Exercise prompt:
No pictures go into the output, which should consist only of the lines from the first line of the data through the line with "Dette høje tørrestativ", copied exactly.

### Supplied records ###

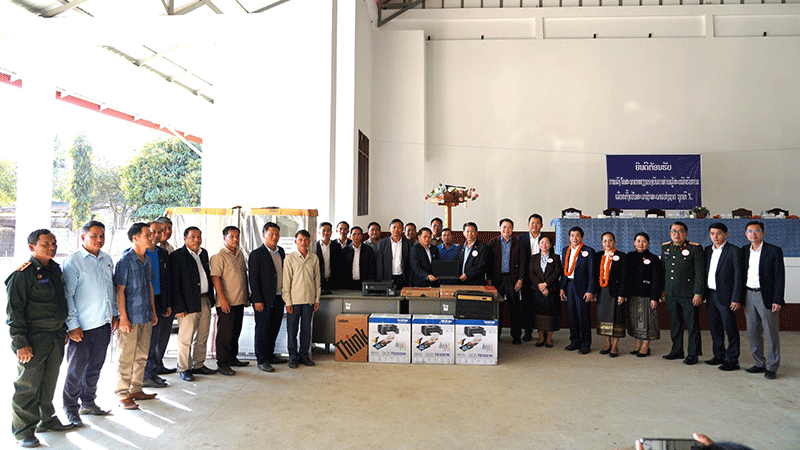 Officials from Luang Prabang province’s Agriculture and Environment Department on Tuesday give 14 desks, 2 filing cabinets, IT equipment, and 8 motorcycles to Phonthong district officials for use in the course of their work. --Photo Luang Prabang TV |
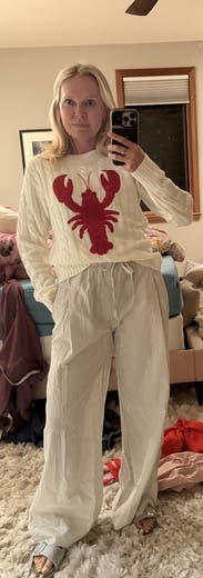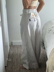 I love the subtle pinstripe pattern on these pants and the embroidery on the back pocket is absolutely adorable. The fabric feels high quality. Unfortunately, the fit didn’t work for me. These pants ran very large, and I had to roll the waistband just to be able to wear this out.
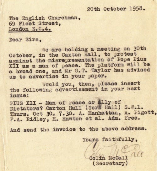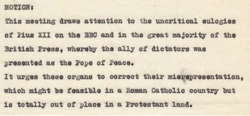 Celebrated nationally as the ‘Pope of Peace’, the National Secular Society were alarmed by the uncritical reporting of Pius’ leadership. For the Society, the Pope’s actions between 1935-1958 could easily be interpreted as befriending dictators rather than promoting non-violence.
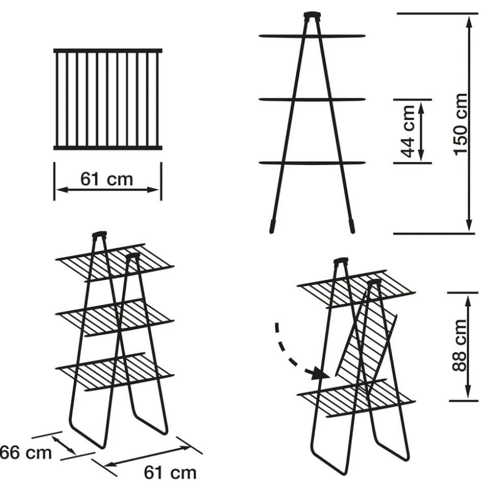 Dette høje tørrestativ er oplagt at bruge i brusenichen eller andre steder, hvor pladsen er trang. Selv om det næsten ingenting fylder i gulvareal, har det med sin højde på 150 cm plads til at tørre meget tøj ad gangen. Der er to smarte sokkeholdere, og midterniveauet kan foldes til side og give plads til at tørre lange stykker tøj.
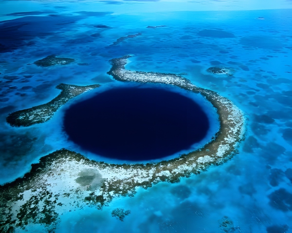 Situated near the center of Lighthouse Reef, about 70 kilometers (43 miles) from the mainland of Belize, the Great Blue Hole is part of the larger Belize Barrier Reef Reserve System, a UNESCO World Heritage Site. From above, it appears as a perfect circular sapphire set in a ring of turquoise, surrounded by the lighter blues and greens of the shallow coral reef. This striking visual has made it one of the most recognizable natural features visible from space.
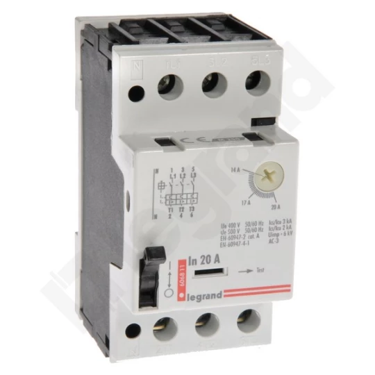 Wyłącznik silnikowy z wyzwalaczem termiczym i elektromagnetycznym z torem neutralnym N M250 (14A - 20A) o numerze katalogowym 606811 w kategorii Wyłączniki silnikowe, Sterowanie i zabezpieczenie silników. Produkt wyprodukowany przez markę LEGRAND, seria M250.

###

Problem solution:
 Officials from Luang Prabang province’s Agriculture and Environment Department on Tuesday give 14 desks, 2 filing cabinets, IT equipment, and 8 motorcycles to Phonthong district officials for use in the course of their work. --Photo Luang Prabang TV |
 I love the subtle pinstripe pattern on these pants and the embroidery on the back pocket is absolutely adorable. The fabric feels high quality. Unfortunately, the fit didn’t work for me. These pants ran very large, and I had to roll the waistband just to be able to wear this out.
 Celebrated nationally as the ‘Pope of Peace’, the National Secular Society were alarmed by the uncritical reporting of Pius’ leadership. For the Society, the Pope’s actions between 1935-1958 could easily be interpreted as befriending dictators rather than promoting non-violence.
 Dette høje tørrestativ er oplagt at bruge i brusenichen eller andre steder, hvor pladsen er trang. Selv om det næsten ingenting fylder i gulvareal, har det med sin højde på 150 cm plads til at tørre meget tøj ad gangen. Der er to smarte sokkeholdere, og midterniveauet kan foldes til side og give plads til at tørre lange stykker tøj.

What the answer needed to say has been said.